Friday, 28 July 2017

Cannabis Details

This whole medical marijuana process is a lot more complicated than you might think. First there is the prescription process, enough of a hassle all on its own. Then there is the product selection process. The doctor doesn't do that at all. Instead you are left to choose your own product, or have an advisor assist you in choosing the correct product for your particular needs.

You see, cannabis is not just cannabis. There are so many different strains and varieties, with varying chemical compositions and varying strengths. The two main cannabinoids,delta-9-tetrahydrocannabinol and cannabidiol, also known as THC and CBD, do different things in your body, so growers breed strains of cannabis which provides all of one, all of another, or blends with some happy middle ground. For example, recreational uses want to get high, so they don't care about CBD. On the other hand, people suffering seizures don't want to get high, so the don't care about THC.

THC is the stuff that gets you high. It also has been shown to relieve nerve pain, like the kinds I have, as well as inducing sleep, something I need. Of course there is the classic stimulation of appetite we've all seen in the movies, but it has also been demonstrated to reduce nausea and generate an improved mood. On the downside, high levels of THC have been shown to produce paranoia, psychosis, difficulty with thinking and problem solving, and memory loss.

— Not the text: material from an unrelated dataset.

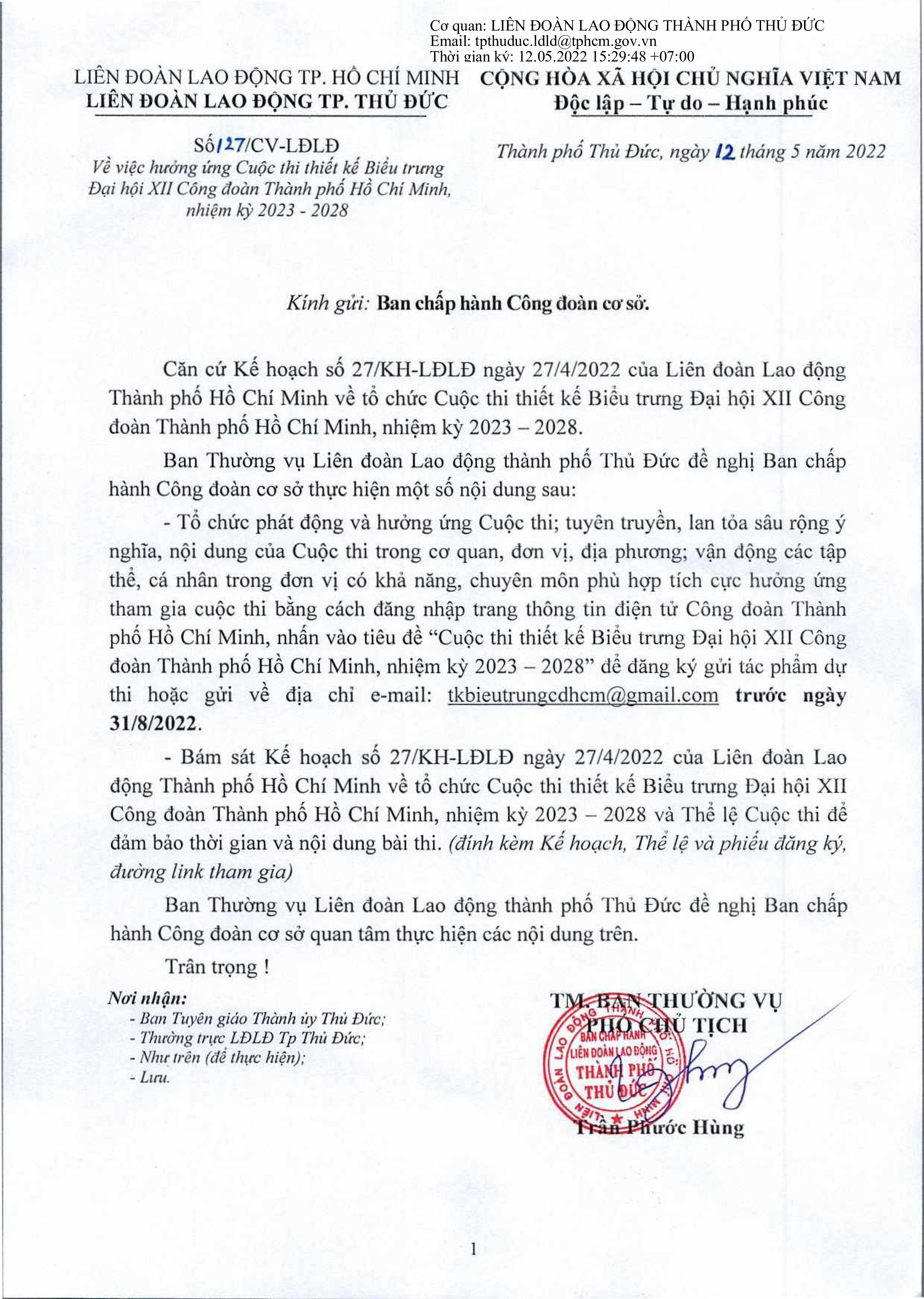 Cuộc thi thiết kế biểu trưng Đại hội XII Công Đoàn Thành Phố Hồ Chí Minh, nhiệm kỳ...

CBD is the more "medicinal" of the two main chemicals we seek from marijuana. It produces no high at all. It has been demonstrated to act as an anti-inflammatory and anti-anxiety drug. It's also shown efficacy as a muscle relaxant, reducing tremors and spasticity, as well as preventing seizures. It has been shown to counter and even eliminate the negative effects of THC. As of yet, there have been no real downsides noted with CBD.

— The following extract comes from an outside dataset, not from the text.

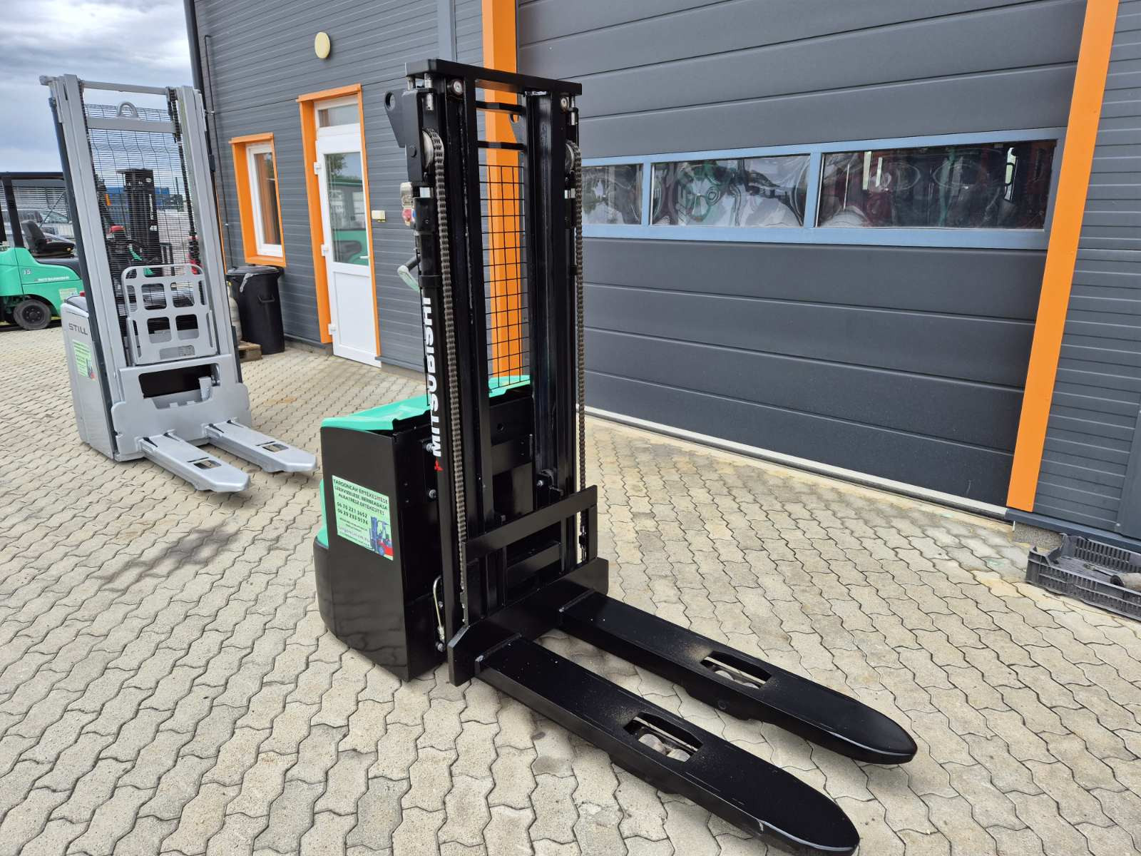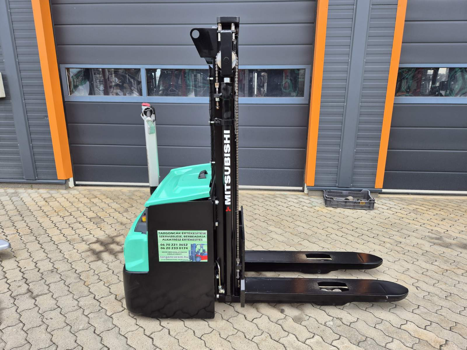 Eladó Mitsubishi SBP16N2 típusú elektromos magesemelésű gyalogkíséretű raklapemelő, 1,6 t teherbírás, 2,5 m emelési magasság, 24V/250Ah akkumulátorral, töltővel, kitűnő állapotban. (153)

With ALS, I suffer from substantial, relentless nerve pain. I have trouble getting to sleep, My appetite is irregular at best. Although I am generally a happy person, I suffer from some fairly severe mood swings. All of these are conditions aided by THC. I also struggle with anxiety, muscle spasms, tremors, and joint pain. All of these conditions are aided by CBD, which also reduces the instances of paranoia and other negatives of THC. In other words, I need a balanced hybrid.

The marijuana specialist recommended four strains of cannabis product, three of which are fairly balanced with THC and CBD. She went on to recommend one product high in THC and low in CBD, as a night time treatment, allowing me to sleep better and more comfortably.

So now I have product ideas. I have to go online to specific suppliers who have been given my prescription, thus they know the limits I can purchase legally. The thing you discover immediately is that medical marijuana is nowhere near as high in THC as the street level stuff. In addition you discover that it is more expensive than the street level stuff.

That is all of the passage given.